Split (inductive) conformal is the fastest method and the right default. CV+, Jackknife+ and CQR (conformalized quantile regression) trade compute for tighter, locally adaptive intervals.
Coverage is marginal by construction. Achieving conditional coverage across subgroups requires APS, RAPS, or Mondrian conformal predictors.
Conformal guarantees rely on data exchangeability. Under covariate shift or concept drift, you must either reweight residuals or re-calibrate on fresh data.
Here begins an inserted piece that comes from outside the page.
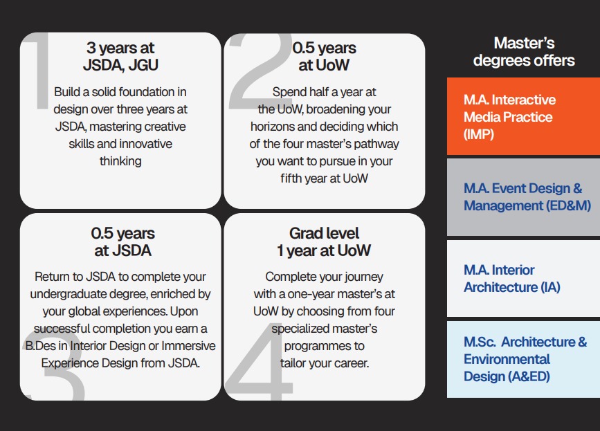 The Jindal Westminster Design Pathway at JSDA is a unique international five-year ($3.5 + 1.5$) academic program in Interior Design and Immersive Experience Design, delivered in collaboration with the University of Westminster. This pathway offers a seamless transition into multiple postgraduate specializations, including:

What is conformal prediction in machine learning?
Conformal prediction (CP) is a framework, introduced by Vovk, Gammerman and Shafer in the early 2000s, that converts the point prediction of any black-box model into a prediction set (for classification) or prediction interval (for regression) with a finite-sample coverage guarantee. Formally, given a target miscoverage rate α ∈ (0, 1), a conformal predictor outputs a set C(X) such that
P( Y ∈ C(X) ) ≥ 1 − α
holds in expectation over the data, provided the calibration and test samples are exchangeable. The guarantee is distribution-free. It does not require the residuals to be Gaussian, the classifier to be well-calibrated, or the likelihood to be correctly specified. Angelopoulos and Bates' tutorial paper "A Gentle Introduction to Conformal Prediction" is the standard reference if you want the proofs.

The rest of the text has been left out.